- Active: August 1863 to September 11, 1865
- Country: United States
- Allegiance: Union
- Branch: Cavalry
- Engagements: Knoxville Campaign Battle of Blountsville Battle of Blue Springs Siege of Knoxville Battle of Morristown Battle of Bull's Gap Second Battle of Saltville

= 8th Tennessee Cavalry Regiment =

The 8th Tennessee Cavalry Regiment was a cavalry regiment that served in the Union Army during the American Civil War.

==Service==
The 8th Tennessee Cavalry was organized August 1863 at Camp Nelson, Kentucky, by consolidation of five companies that were organized June 30 through August 14, 1863, for the 10th Tennessee Cavalry and seven companies recruited at large in Tennessee for the 5th East Tennessee Cavalry.
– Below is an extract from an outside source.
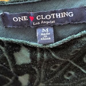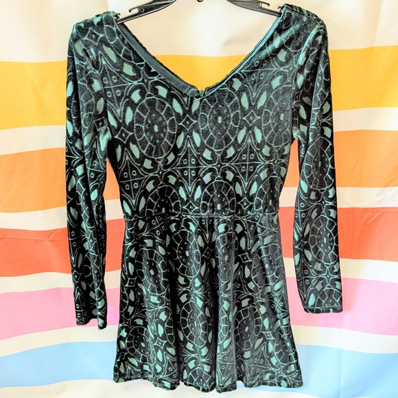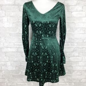 Stunning vintage One Clothing deep dark emerald green crushed velvet dress with a beautiful celtic like medallion burnout pattern. Flattering waistline and fit and flare / skater silhouette style. Zip up back. Absolutely perfect for fall into winter and the holidays! Would be so cute with knee high boots and a choker. A must have dress for every occasion.

The regiment mustered in for a three-year enlistment under the command of Colonel Jesse H. Strickland, and was frequently referred to as the 5th East Tennessee Cavalry.

On February 6, 1864, the 10th East Tennessee Cavalry, which had failed to complete organization, was consolidated with the 8th Tennessee Cavalry and mustered under the command of Colonel Samuel K. N. Patton.

The regiment was attached to 2nd Brigade, 4th Division, XXIII Corps, Army of the Ohio, August–October 1863. 4th Brigade, 4th Division, XXIII Corps, to April 1864. 3rd Brigade, 4th Division, Cavalry Corps, Army of the Cumberland, to October 1864. 3rd Brigade, 4th Division, Cavalry Corps, Military Division Mississippi, to November 1864. District of East Tennessee, Department of the Cumberland, to March 1865. 3rd Brigade, Cavalry Division, District of East Tennessee, to July 1865. Cavalry Brigade, District of East Tennessee, to September 1865.

The 8th Tennessee Cavalry mustered out of service September 11, 1865, at Knoxville, Tennessee.

==Detailed service==
Skirmish, Hawkins County, August 1, 1863. Burnside's Campaign in eastern Tennessee August 16-October 17, 1863. Occupation of Knoxville September 2. Greenville September 11. Kingsport September 18. Bristol September 19. Carter's Depot September 20–21. Zollicoffer September 20–21. Watauga River Bridge September 21–22. Jonesboro September 21. Hall's Ford, on Watauga River, September 22. Blountsville, Johnson's Depot and Carter's Depot September 22. Blue Springs October 10. Henderson's Mill and Rheatown October 11. Zollicoffer October 12. Blountsville October 14. Bristol October 15. Knoxville Campaign November 4-December 23. Siege of Knoxville November 17-December 5. Duty at Knoxville, Greenville, Nashville and Columbia and patrol duty on line of Nashville & Chattanooga Railroad from Columbia to Nashville until August 1864. At Bull's Gap until October, 1864. Rheatown September 28. Watauga River September 29. Carter's Station September 30-October 1. Operations in eastern Tennessee October 10–28. Greenville October 12. Bull's Gap October 16. Clinch Mountain October 18. Clinch Valley, near Sneedsville, October 21. Mossy Creek and Panther Gap October 27. Morristown October 28. Russellville October 28. Operations against Breckenridge in eastern Tennessee November 4–17. Russellville November 11. Bull's Gap November 11–13. Russellville November 14. Strawberry Plains November 16–17. Flat Creek November 17. Stoneman's Saltville Raid December 10–29. Big Creek, near Rogersville, December 12. Kingsport December 13. Near Glade Springs December 15. Near Marion and capture of Wytheville December 16. Mt. Airey December 17. Near Marion December 17–18. Capture and destruction of salt works at Saltville December 20–21. Stoneman's Expedition from eastern Tennessee into southwest Virginia and western North Carolina March 21-April 25, 1865. Wytheville April 6. Shallow Ford and near Mocksville April 11. Salisbury April 12. Catawba River April 17. Swannanoa Gap April 22. Near Hendersonville April 23. Duty in District of East Tennessee until September 1865.

==Commanders==
- Colonel Jesse H. Strickland
- Colonel Samuel K. N. Patton

==Casualties==
The regiment lost a total of 280 men during service; 1 officer and 37 enlisted men killed or mortally wounded, 1 officer and 241 enlisted men died of accident or disease.